#### [WHAT THIS TASK INVOLVES]
Your answer must be an exact copy of the lines below, from the first through the one with "突然在远处的另一头公鹿出现了", with no pictures.
-------- SUPPLIED INFORMATION --------
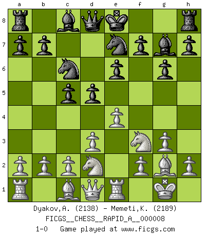 Last move : 1-0 2007 February 15 22:29:16 [Event "FICGS__CHESS__RAPID_A__000008"] [Site "FICGS"] [Date "2006.12.28"] [Round "1"] [White "Dyakov,Alexander"] [Black "Memeti,Kastriot"] [Result "1-0"] [WhiteElo "2138"] [BlackElo "2189"] 1.e4 e6 2.d3 d5 3.Nd2 c5 4.Ngf3 Nc6 5.g3 g6 6.Bg2 Bg7 7.O-O Nge7 8.Re1 1-0 This chess game has been lost on time (started : 2006.12.28 1:16:19) French : King's Indian attack Kingside Castling by player White (move 7) Player White won this chess game. Follow this game move after move (download)It is not enough to be a good player... you must also play well. (Siegbert Tarrasch) Es ist wirklich schade, dass so viele Schachspieler nicht auf ihr Äußeres achten! (Alexandra Kosteniuk) ¿Quién es tu oponente esta tarde? Esta tarde mi oponente son las piezas negras. (Akiba Rubinstein) Les échecs c'est le défi de l'alpiniste, toujours plus haut, prêt à tout pour monter à l'assaut du Roi ennemi. Les échecs, c'est de la musique en mouvement, un ballet majestueux pour les yeux. C'est de la poésie composée par les fantômes du passé qui au même titre que Rimbaud ou Verlaine méritent notre admiration. Les échecs, c'est de la peinture ou le moindre mouvement modifie le tableau pour en faire un Picasso ou un Van Gogh. Les échecs, c'est tout et rien, c'est la vie et la mort. Jjulie33 sur le forum de France-Echecs. To err is human, to shift the blame on someone else is tactical. (Mladen Jankovic)
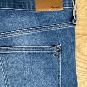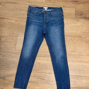 Madewell 9" Mid-Rise Skinny Jeans in a classic blue wash, size 32. These jeans feature a stylish exposed button-front fly and a modern raw hem for a laid-back, lived-in look.
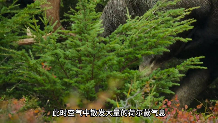 突然在远处的另一头公鹿出现了,正在约会中的公鹿神情紧张。现在是繁殖的季节,公鹿为了争夺配偶,它们即将展开一场实力比拼。历经了一个大吃特吃的夏季,每头公鹿全身都充满着力量,特别是颈部的肌肉发达,能够灵活掌控27公斤重的鹿角。
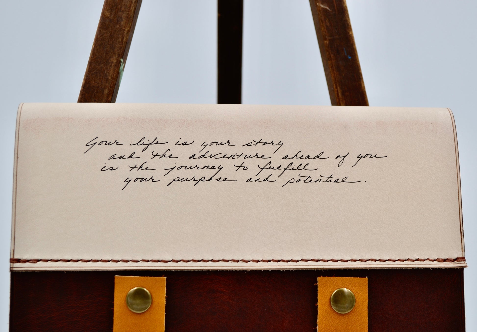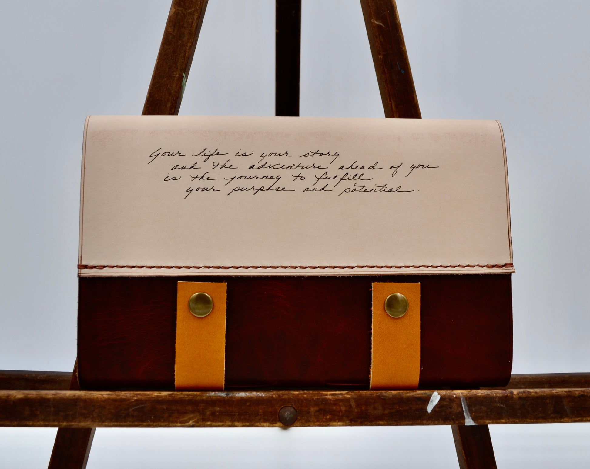Wrapped in a hand-painted cover and finished with a handwritten quote, each journal is a quiet companion. Made from sustainably sourced leather and 140 lb watercolor paper, they’re a sanctuary for handwriting, sketching, and visual storytelling.
--------
#### [WRITTEN SOLUTION]
 Last move : 1-0 2007 February 15 22:29:16 [Event "FICGS__CHESS__RAPID_A__000008"] [Site "FICGS"] [Date "2006.12.28"] [Round "1"] [White "Dyakov,Alexander"] [Black "Memeti,Kastriot"] [Result "1-0"] [WhiteElo "2138"] [BlackElo "2189"] 1.e4 e6 2.d3 d5 3.Nd2 c5 4.Ngf3 Nc6 5.g3 g6 6.Bg2 Bg7 7.O-O Nge7 8.Re1 1-0 This chess game has been lost on time (started : 2006.12.28 1:16:19) French : King's Indian attack Kingside Castling by player White (move 7) Player White won this chess game. Follow this game move after move (download)It is not enough to be a good player... you must also play well. (Siegbert Tarrasch) Es ist wirklich schade, dass so viele Schachspieler nicht auf ihr Äußeres achten! (Alexandra Kosteniuk) ¿Quién es tu oponente esta tarde? Esta tarde mi oponente son las piezas negras. (Akiba Rubinstein) Les échecs c'est le défi de l'alpiniste, toujours plus haut, prêt à tout pour monter à l'assaut du Roi ennemi. Les échecs, c'est de la musique en mouvement, un ballet majestueux pour les yeux. C'est de la poésie composée par les fantômes du passé qui au même titre que Rimbaud ou Verlaine méritent notre admiration. Les échecs, c'est de la peinture ou le moindre mouvement modifie le tableau pour en faire un Picasso ou un Van Gogh. Les échecs, c'est tout et rien, c'est la vie et la mort. Jjulie33 sur le forum de France-Echecs. To err is human, to shift the blame on someone else is tactical. (Mladen Jankovic)
 Madewell 9" Mid-Rise Skinny Jeans in a classic blue wash, size 32. These jeans feature a stylish exposed button-front fly and a modern raw hem for a laid-back, lived-in look.
 突然在远处的另一头公鹿出现了,正在约会中的公鹿神情紧张。现在是繁殖的季节,公鹿为了争夺配偶,它们即将展开一场实力比拼。历经了一个大吃特吃的夏季,每头公鹿全身都充满着力量,特别是颈部的肌肉发达,能够灵活掌控27公斤重的鹿角。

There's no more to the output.